● EXERCISE GOAL
Every line of the material below should be output exactly as written, with the images skipped.

**********

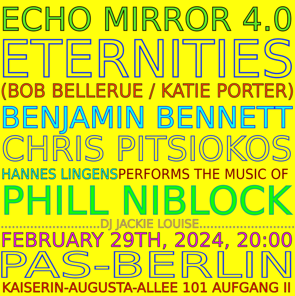 Echo Mirror 4.0February 29th, 2024, 20:00PAS-BerlinKaiserin-Augusta-Allee 101 (Aufgang II in the Hof)doors at 20:00, music at 20:30 First edition of ECHO MIRROR in 2024 with guests from the US and […]
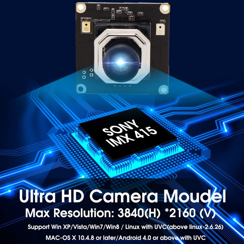 - 4K Ultra HD with CMOS IMX415 image sensor: Ultra high-resolution 4K USB camera module with Sony IMX415 image sensor, delivers crystal clear images 3840 x 2160 resolution with high frame rate 30fps. That's exactly double the horizontal and vertical resolution of 1080p for a total of 4 times as many pixels. This USB camera delivers crisp videos, records professional quality videos in stunning 4K UHD, clearly see all the details and colors that stand out on the screen
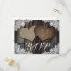 Custom rustic country wedding RSVP postcard with meal selections featuring two burlap hearts on a rustic wood and lace background. Matching items available.
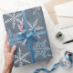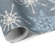 Este bonito papel de embrulho de Natal agradará aos seus amigos e família esta temporada de férias quando eles virem seus belos presentes enrolados. Um fundo texturizado em azul escuro complementa um padrão com flocos de neve azuis e brancos em várias variações. Um presente perfeito para crianças ou um novo bebê.
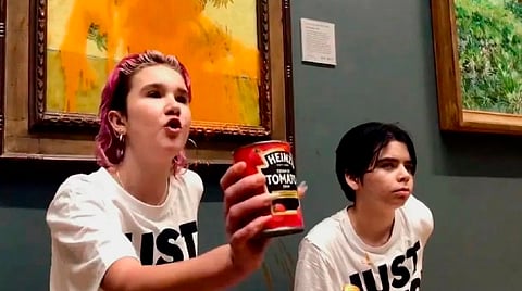 El grupo Just Stop Oil compartió la grabación donde se ve a ambas jóvenes aventando la sopa de tomate, y en la publicación agregaron que en el museo se exhibe la creatividad y brillantez humana, pero mientras se cuida el arte en la galería, el patrimonio del mundo está siendo destruido por la incapacidad del gobierno para actuar sobre la crisis climática.
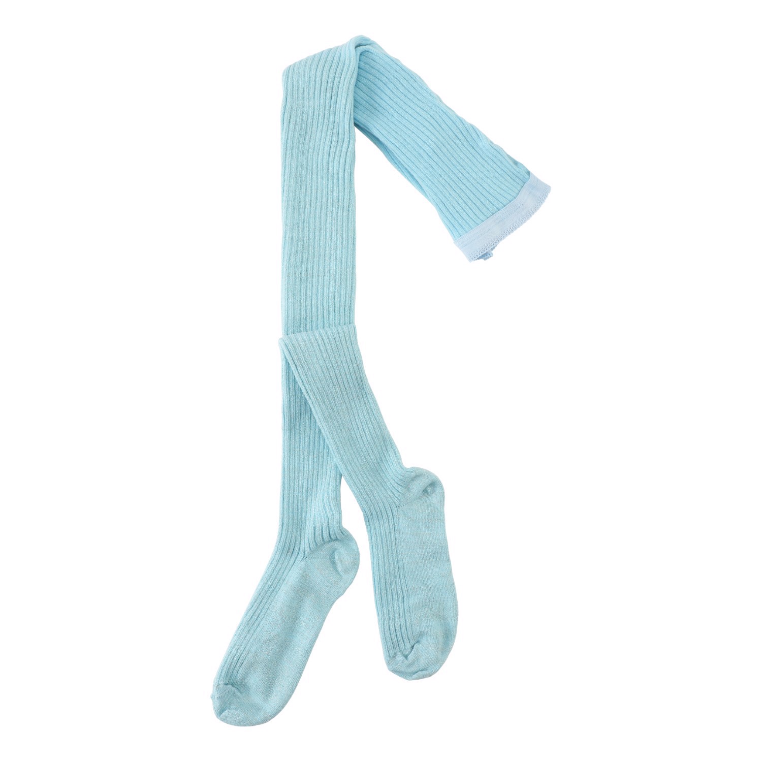 Hellblaue Feinstrick-Rippstrumpfhose mit Glitzer aus Öko-Baumwolle. Diese Strumpfhose hat einen elastischen Bund, der für eine perfekte Passform sorgt.
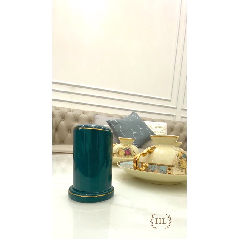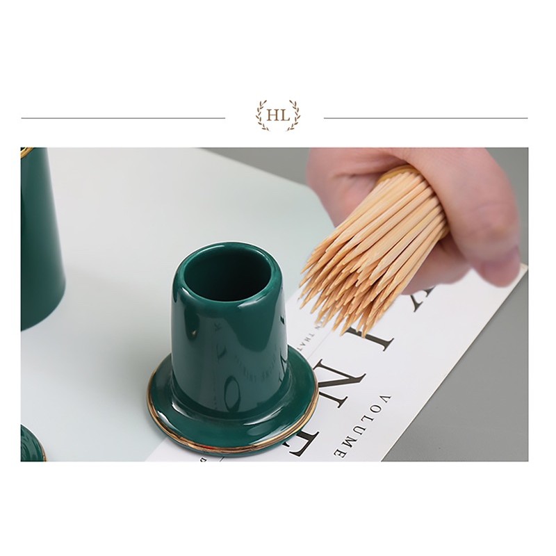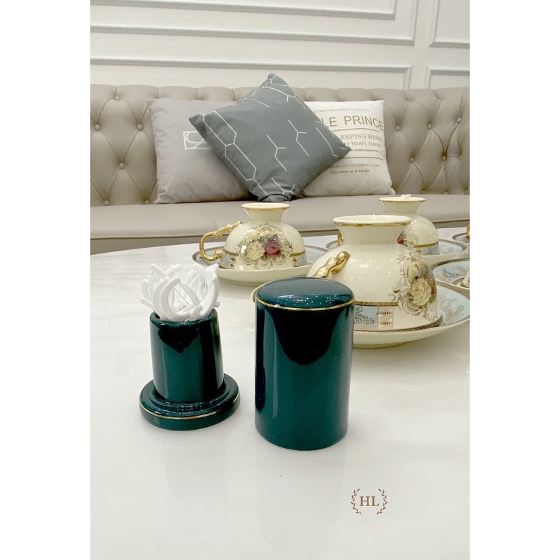 Lọ đựng tăm sứ Xanh Bắc Âu | HŨ ĐỰNG TĂM TRE | HŨ ĐỰNG TĂM NHẬT CHẤT LIỆU SỨ XƯƠNG CAO CẤP XANH NGỌC BÍCH

**********

● EXERCISE RESULT
 Echo Mirror 4.0February 29th, 2024, 20:00PAS-BerlinKaiserin-Augusta-Allee 101 (Aufgang II in the Hof)doors at 20:00, music at 20:30 First edition of ECHO MIRROR in 2024 with guests from the US and […]
 - 4K Ultra HD with CMOS IMX415 image sensor: Ultra high-resolution 4K USB camera module with Sony IMX415 image sensor, delivers crystal clear images 3840 x 2160 resolution with high frame rate 30fps. That's exactly double the horizontal and vertical resolution of 1080p for a total of 4 times as many pixels. This USB camera delivers crisp videos, records professional quality videos in stunning 4K UHD, clearly see all the details and colors that stand out on the screen
 Custom rustic country wedding RSVP postcard with meal selections featuring two burlap hearts on a rustic wood and lace background. Matching items available.
 Este bonito papel de embrulho de Natal agradará aos seus amigos e família esta temporada de férias quando eles virem seus belos presentes enrolados. Um fundo texturizado em azul escuro complementa um padrão com flocos de neve azuis e brancos em várias variações. Um presente perfeito para crianças ou um novo bebê.
 El grupo Just Stop Oil compartió la grabación donde se ve a ambas jóvenes aventando la sopa de tomate, y en la publicación agregaron que en el museo se exhibe la creatividad y brillantez humana, pero mientras se cuida el arte en la galería, el patrimonio del mundo está siendo destruido por la incapacidad del gobierno para actuar sobre la crisis climática.
 Hellblaue Feinstrick-Rippstrumpfhose mit Glitzer aus Öko-Baumwolle. Diese Strumpfhose hat einen elastischen Bund, der für eine perfekte Passform sorgt.
 Lọ đựng tăm sứ Xanh Bắc Âu | HŨ ĐỰNG TĂM TRE | HŨ ĐỰNG TĂM NHẬT CHẤT LIỆU SỨ XƯƠNG CAO CẤP XANH NGỌC BÍCH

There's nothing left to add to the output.